SemHash-LLM: multi-granularity hashing for deduplication
A multi-granularity semantic hashing framework combining projection hashing.
TL;DR
- 01A multi-granularity semantic hashing framework combining projection hashing.
- 02The system first extracts multi-granularity signals: character, token and document features are fused by a gating mechanism.
- 03Semantic projection hashing maps distilled LLM embeddings to compact binary codes for fast indexing and retrieval.
SemHash-LLM, a paper by Xinyi Fang, Kejian Tong, Jiabei Liu, Tao Ning and Yuhang He (arXiv:2607.01601), was submitted to arXiv on 2 Jul 2026 proposing a multi-granularity semantic hashing framework for large-scale document deduplication. The authors unify semantic projection hashing, attention weighted MinHash, contrastive boundary learning and selective LLM-based adjudication, and report "less than one percent neural verification cost."
How does SemHash-LLM work?
SemHash-LLM combines character, token and document level signals through gated fusion, then applies a cascaded filtering pipeline that reduces candidates before neural verification. The pipeline pairs semantic projection hashing, which learns compact binary codes in a distilled LLM embedding space, with attention weighted MinHash to suppress boilerplate and emphasize informative content.
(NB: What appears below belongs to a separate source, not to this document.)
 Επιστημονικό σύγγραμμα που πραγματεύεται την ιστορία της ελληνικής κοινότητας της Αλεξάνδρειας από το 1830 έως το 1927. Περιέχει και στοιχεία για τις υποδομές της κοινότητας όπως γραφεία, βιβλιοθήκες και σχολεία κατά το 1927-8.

The system first extracts multi-granularity signals: character, token and document features are fused by a gating mechanism. Semantic projection hashing maps distilled LLM embeddings to compact binary codes for fast indexing and retrieval. Attention weighted MinHash then downweights repetitive or boilerplate regions, improving candidate selection. Contrastive boundary learning sets adaptive decision thresholds and provides uncertainty estimates that feed a cascaded filter to reduce the number of items that reach the most expensive verification stage, which the authors implement as selective LLM-based adjudication.
How well does it perform?
The authors state that experiments show SemHash-LLM achieves strong duplicate detection quality while keeping neural verification costs extremely low, specifically under one percent. Adaptive decision boundaries and uncertainty estimation are credited with improving robustness against template pollution, short text perturbation, containment and viral fragments.
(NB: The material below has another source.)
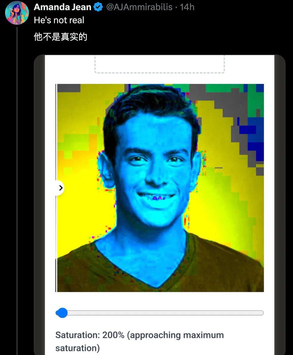 其原理就是,提高图片饱和度,并仔细观察麦克风的斑点和牙齿,就能检测图像是否由 AI 生成。
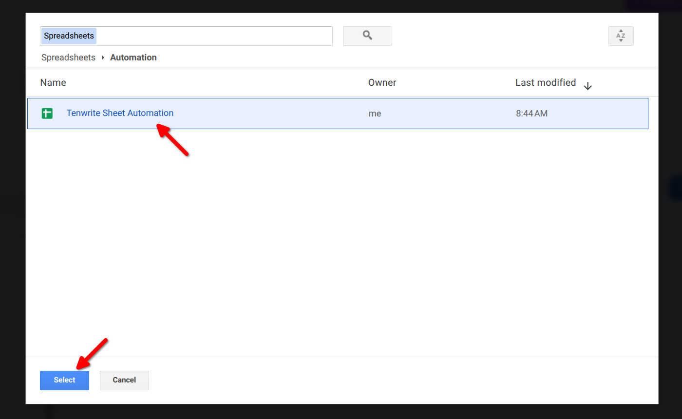 In the Tenwrite add-on or web dashboard, go to WordPress > Automations in the sidebar and switch to the Sheets tab.

The paper emphasizes efficiency at scale: compact binary codes and MinHash-style filtering perform the heavy lifting, and only a small fraction of candidates are escalated to LLM adjudication. The exact datasets, numeric accuracy metrics and evaluation splits are presented in the paper itself; the abstract highlights the overall result as strong duplicate detection quality with less than one percent neural verification cost.
Why does it matter?
SemHash-LLM addresses a core trade-off for large-scale deduplication: preserving semantic equivalence typically requires expensive neural comparisons, while hash-and-filter pipelines risk missing subtle semantic duplicates. By projecting distilled LLM embeddings into compact binary codes and combining them with attention weighted MinHash and adaptive boundaries, the framework aims to retain semantic sensitivity without paying the full cost of neural verification for every candidate.
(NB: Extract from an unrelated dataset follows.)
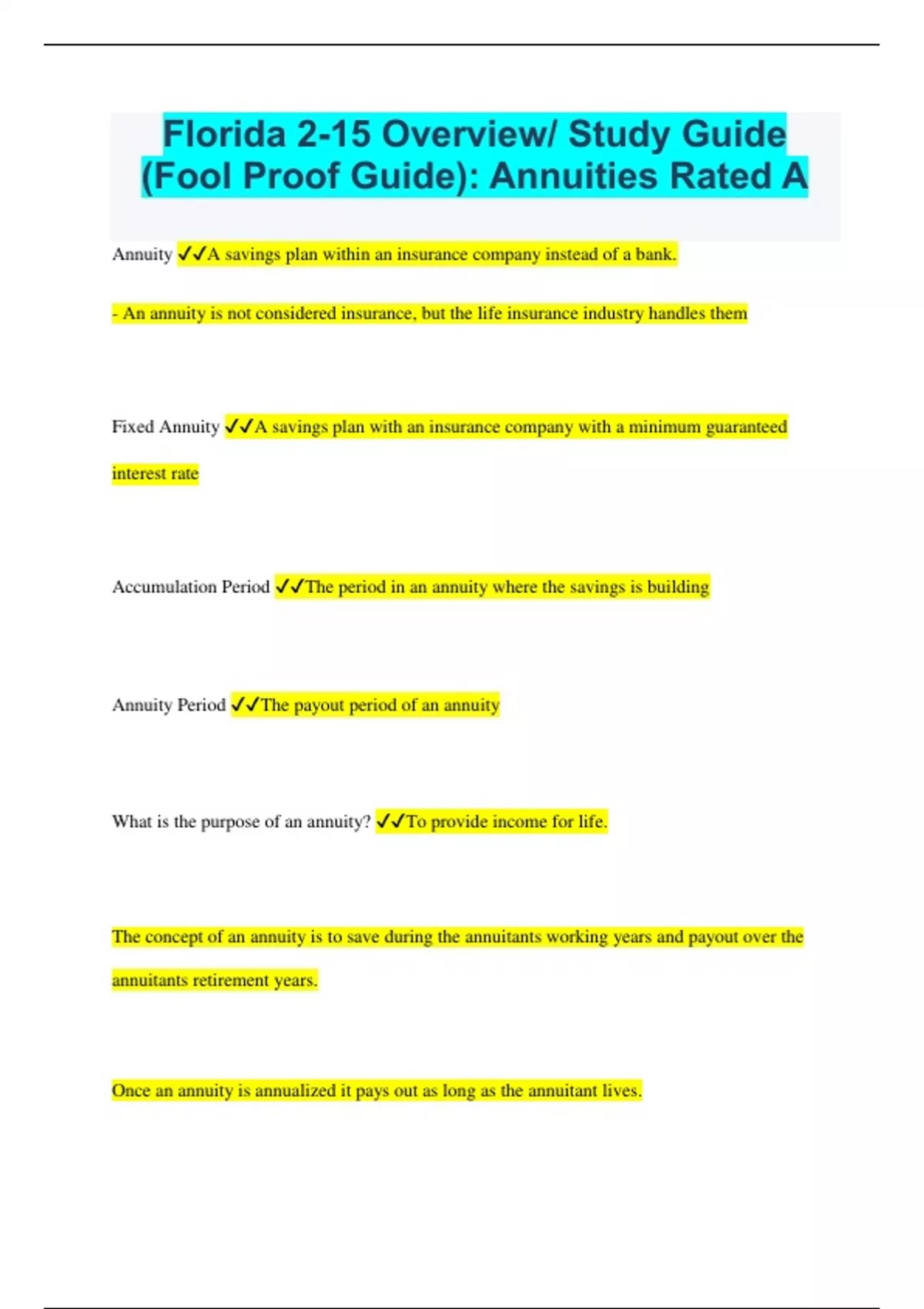 Florida 2-15 Overview/ Study Guide (Fool Proof Guide): Annuities Rated A

If the experimental claims hold across real-world corpora, the approach could cut the volume of expensive LLM checks dramatically, which matters for teams that must deduplicate at web or enterprise scale and want to limit inference costs while handling noisy templates, short or viral content and containment cases.
What to watch
Look for the authors' code, data and media links on the paper's arXiv page and for the paper's DOI via DataCite, which the arXiv entry notes is pending registration. Also watch for detailed evaluation tables and release of the distilled embedding models the paper uses, which will determine how portable the compact binary projection is across different corpora.
Authors: Xinyi Fang, Kejian Tong, Jiabei Liu, Tao Ning, Yuhang He. Submitted to arXiv on 2 Jul 2026 as arXiv:2607.01601.